Wat is eigenlijk de status van de OCAI wereldwijd?
Het Concurrerende Waarden Model waarop het instrument is gebaseerd, ontstond uit het onderzoek naar de effectiviteit van organisaties van Quinn & Rohrbaugh in 1981 en is dus inmiddels dertig jaar oud. Desondanks wordt het nog steeds overal gebruikt. Ik vermoed dat dat komt omdat het model zowel ‘simpel’ is, met vier herkenbare cultuurtypen, als ‘diep’; je kunt er veel inzichten uit halen. Bovendien correspondeert het met persoonlijkheidstypen en managementstijlen, wat de bruikbaarheid ervan vergroot. Het helpt ook om actuele dilemma's in kaart te brengen: wat willen we meer, wat willen we minder; wat levert dat op en wat kost dat in termen van geld, tijd, energie, aandacht. Het mooie is dat het model redelijk universeel is: iedereen herkent die cultuurtypen, waar ter wereld je ook werkt, los van de nationale cultuur of de economische sector.

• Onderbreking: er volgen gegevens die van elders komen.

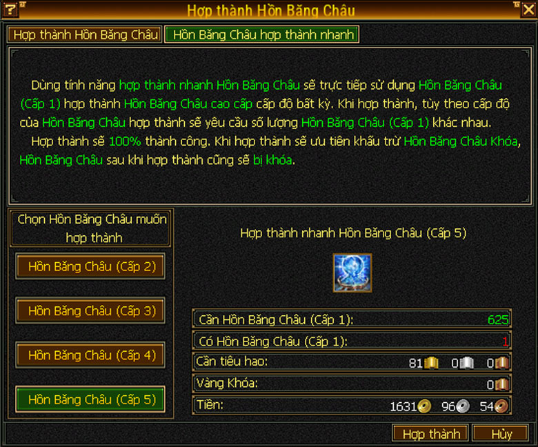 - Có thể dùng Hồn Băng Châu (Cấp 1) với số lượng khác nhau để ghép thành Hồn Băng Châu Cao Cấp ở mọi cấp độ.

Dit model legt een sterke nadruk op gedrag. Volgens Schein zit cultuur echter vooral in de ‘assumptions’ die dat gedrag sturen. Had dat niet wat sterker naar voren moeten komen? Nu lijkt vrijwel alle aandacht naar het model te gaan.
Gedrag is een dagelijkse uiting van de diepere lagen van cultuur, zoals denkwijzen, overtuigingen en aannames. Ze zijn allebei belangrijk. In hoofdstuk 1 worden die ‘twee benen’ waarop cultuur loopt, uitgelegd. We werken er ook mee in de workshops: als teams met hun cultuurprofiel werken om te beoordelen wat er goed gaat en wat ze willen verbeteren of versterken. Daarbij kunnen ook die aannames en overtuigingen naar boven komen en beïnvloed worden. De aandacht voor Scheins ‘assumptions’ is er in ieder geval wel.
U schrijft dat cultuurontwikkeling vooral via een organische mindset plaats moet vinden, maar in sommige situaties kan toch ook goed werken als een leidinggevende simpelweg een nieuwe norm stelt: ‘Zo wil ik het en niet anders’?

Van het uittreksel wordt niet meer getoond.